This section is from the book "A Manual Of Pathological Anatomy", by Carl Rokitansky, William Edward Swaine. Also available from Amazon: A Manual of Pathological Anatomy.
A complete absence of the intestinal canal when an abdominal cavity existed, has probably never been observed. It is frequently defective; at times it is a short tube of uniform calibre, attached to a flat narrow strip of mesentery, or it consists of several detached portions of intestine which are strung together on a very defective fold of the peritoneum.
We must here mention the blind termination of the intestine at different points of its course, there being either a fresh acuminated commencement lower down, or an absence of the remaining portion. The most frequent anomaly is the more or less extensive deficiency of the rectum with a consequent atresia ani. The latter abnormities demand the formation of an artificial anus at the natural situation, or at some other suitable part, if they occur in individuals who are otherwise capable of sustaining life.
Defective formation may occur in the shape of tissue, of irregular communication of the intestinal tube, as in the case of the latter discharging at the navel, into the cavity of the urinary or small sexual organs (cloaca); it then is commonly the result of an arrest of development.

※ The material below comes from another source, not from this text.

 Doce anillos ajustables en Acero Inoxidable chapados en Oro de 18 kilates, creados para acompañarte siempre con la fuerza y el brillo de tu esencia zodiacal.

Excess of development, with the exception of the various degrees of biventral monstrosities, is probably nothing but a deceptive appearance; the repetition of some of its segments, and the presence of larger or smaller blind appendices, which open outwards or into the intestine, and more especially the so-called diverticula, are almost invariably to be considered as arrests of formation.
The latter, the congenital diverticula, Meckel's diverticulum verum, deserve a special consideration. It is a dilatation of the small intestine, representing a hollow appendix, which consists of all the intestinal membranes, and is placed at from eighteen to twenty-four inches from the caecal valve; although we do not quite assent to Meckel's view, that it is a remnant of the umbilical canal, it evidently has its origin in the development of the intestine in the umbilical vesicle. We accordingly always find it solitary and attached at the above-mentioned spot; it varies in length from five to six inches; it sometimes is wider, sometimes narrower, than the intestine itself; it is frequently contracted at intervals, of a conical or cylindrical shape, and terminating in a round, clubbed, or lobulated expansion. It either projects at right angles from the convex surface of the intestine, hanging unattached in the abdomen, or it passes off at an acute angle from the concave surface of the intestine near the mesenteric insertion, being attached to the latter by a falciform process of the peritoneum. In this case it is often placed parallel to the intestine. Occasionally a ligamentous cord, the remains of the omphalo-meseraic vessels, is found at its free extremity, and as this may, by its adhesion to various points of the peritoneal cavity, give rise to internal hernia (strangulation of the intestine), it receives importance in a pathognomonic point of view.
The following case, in which this appendix was abortive, may be interesting: In the corpse of a young man, the small intestine was found enlarged at the above-mentioned spot, to the extent of several inches, the peritoneum and the adjoining laminae of the mesentery were white and opaque, studded with tendinous patches, and a tolerably long ligamentous cord, the remains of the bloodvessels, was found depending from a rounded embossed dilatation.
We may finally observe that the entire intestinal canal or portions of it, are found in some individuals inordinately long or short; no fixed rule has, however, been established with regard to the relation among the parts themselves, to the stomach, the organs of mastication, etc.